Data items
# # # # #
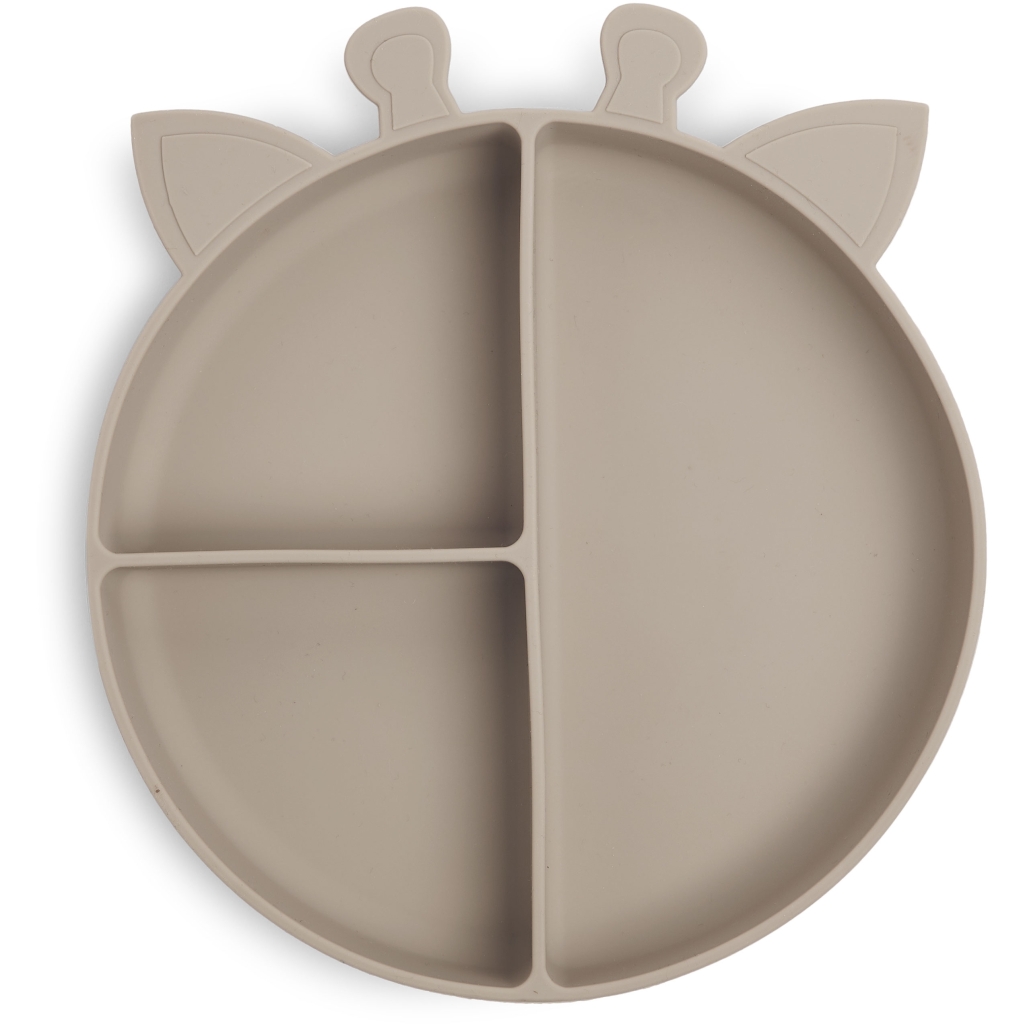 Silikonski krožnik s tremi ločenimi predeli, vakuumskim dnom za pritrditev na mizo in ljubkim motivom žirafice.
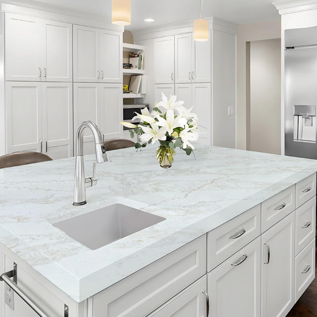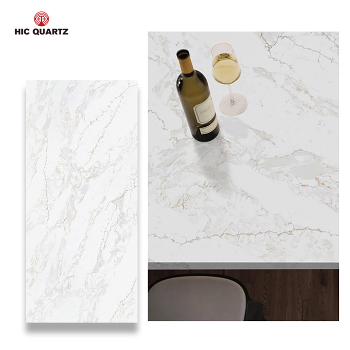 แผ่นควอตซ์เทียมลายคาลาคัตต้าสีขาวทันสมัยปี 2025 ขนาดใหญ่ สำหรับเคาน์เตอร์ โต๊ะ พื้นภายในบ้าน ห้องครัว ห้องน้ำ โรงแรม กันน้ำ
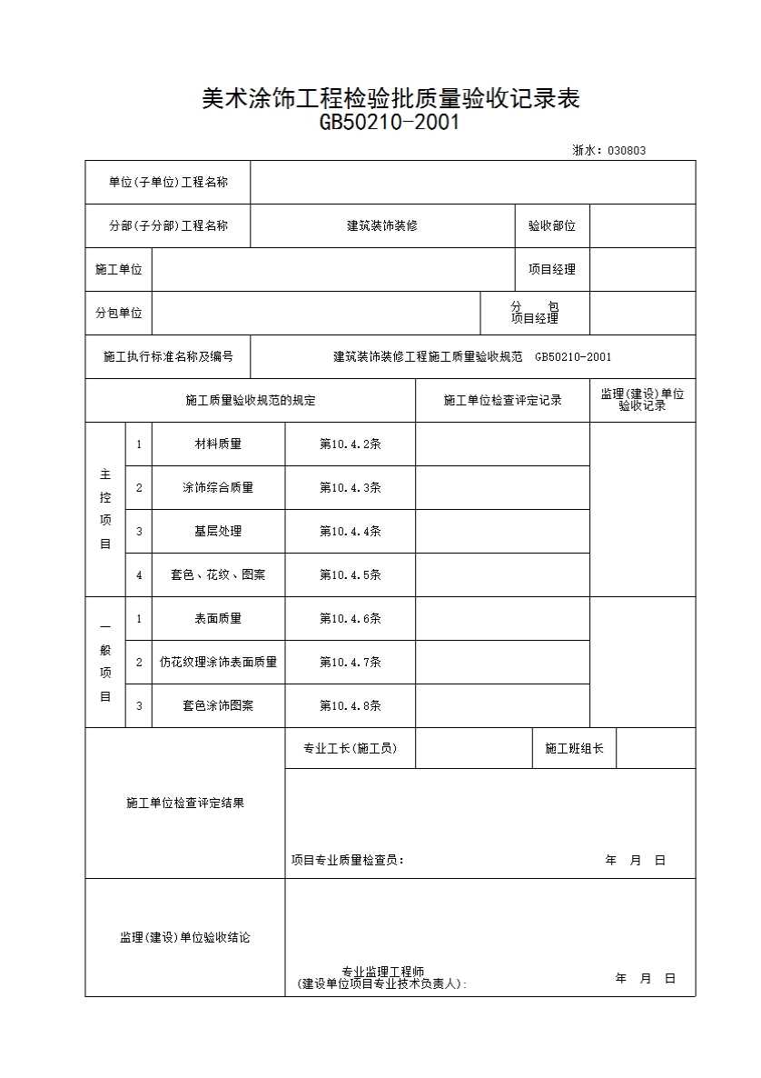 表格名称:140 美术涂饰工程检验批质量验收记录表
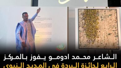 أعلِن في العاصمة الاماراتية أبوظبي عن فوز الشاعر محمد ولد أدومو بالمركز الرابع لجائزة البردة في مديح المصطفى صلى الله…
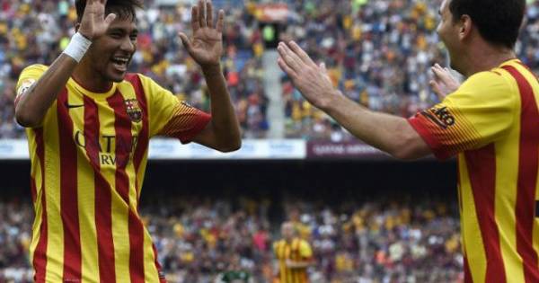 Neymar jugó por primera vez como titular en la la liga española esta temporada, acompañado por el canterano Munir El Haddadi, el joven delantero de origen marroquí, que debutó como internacional con la selección absoluta española el lunes en el triunfo contra Macedonia (5-1).
# # # # #
▸ **What you should do**
Reproduce the records in full and leave the images behind.

▸ **Reply to the exercise**
 Silikonski krožnik s tremi ločenimi predeli, vakuumskim dnom za pritrditev na mizo in ljubkim motivom žirafice.
 แผ่นควอตซ์เทียมลายคาลาคัตต้าสีขาวทันสมัยปี 2025 ขนาดใหญ่ สำหรับเคาน์เตอร์ โต๊ะ พื้นภายในบ้าน ห้องครัว ห้องน้ำ โรงแรม กันน้ำ
 表格名称:140 美术涂饰工程检验批质量验收记录表
 أعلِن في العاصمة الاماراتية أبوظبي عن فوز الشاعر محمد ولد أدومو بالمركز الرابع لجائزة البردة في مديح المصطفى صلى الله…
 Neymar jugó por primera vez como titular en la la liga española esta temporada, acompañado por el canterano Munir El Haddadi, el joven delantero de origen marroquí, que debutó como internacional con la selección absoluta española el lunes en el triunfo contra Macedonia (5-1).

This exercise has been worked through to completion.